**What the task requires:**
Restate word for word the entries below, starting at the line with "Vintage CCK4148PL Three-Handle" and ending at the line with "Shown with a silk". Keep both end lines and omit the pictures.

**Dataset extract:**
________________

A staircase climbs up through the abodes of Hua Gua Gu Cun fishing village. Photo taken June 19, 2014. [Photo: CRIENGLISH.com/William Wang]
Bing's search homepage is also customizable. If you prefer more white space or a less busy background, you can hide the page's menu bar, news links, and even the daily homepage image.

________________

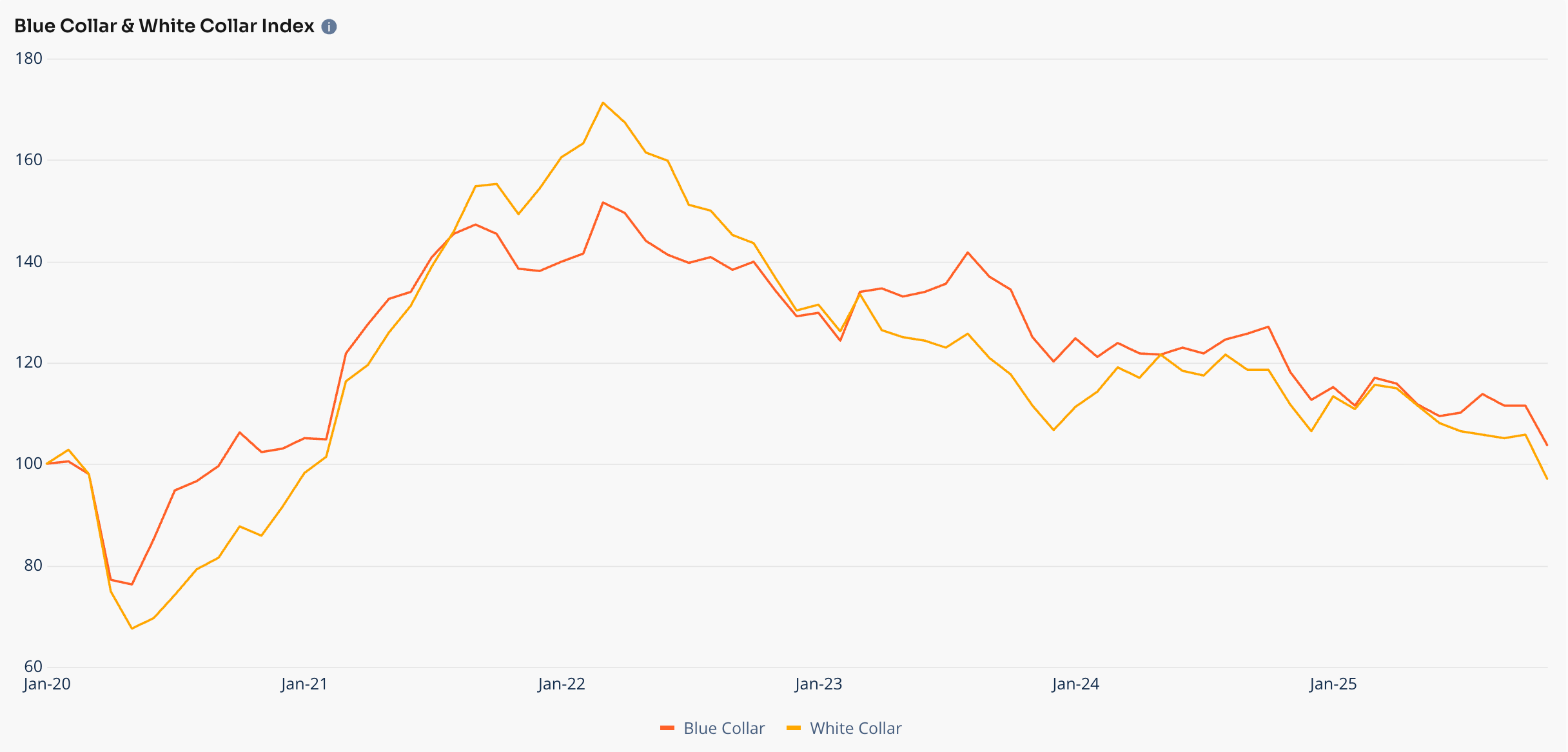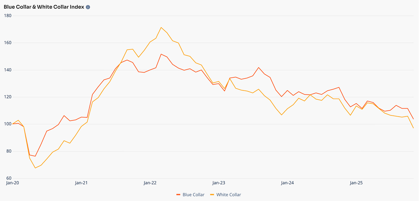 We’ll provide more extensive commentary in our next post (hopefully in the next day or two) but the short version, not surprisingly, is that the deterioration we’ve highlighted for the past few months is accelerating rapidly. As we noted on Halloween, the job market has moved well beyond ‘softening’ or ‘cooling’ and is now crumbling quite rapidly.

________________

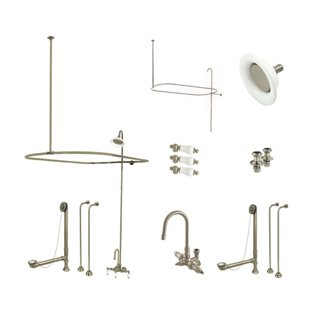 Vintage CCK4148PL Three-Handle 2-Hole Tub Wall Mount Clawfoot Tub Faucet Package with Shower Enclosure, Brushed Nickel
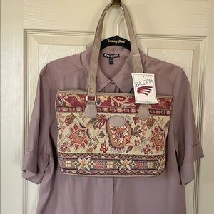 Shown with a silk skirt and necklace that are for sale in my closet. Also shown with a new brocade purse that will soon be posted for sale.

________________

**Finished exercise:**
 Vintage CCK4148PL Three-Handle 2-Hole Tub Wall Mount Clawfoot Tub Faucet Package with Shower Enclosure, Brushed Nickel
 Shown with a silk skirt and necklace that are for sale in my closet. Also shown with a new brocade purse that will soon be posted for sale.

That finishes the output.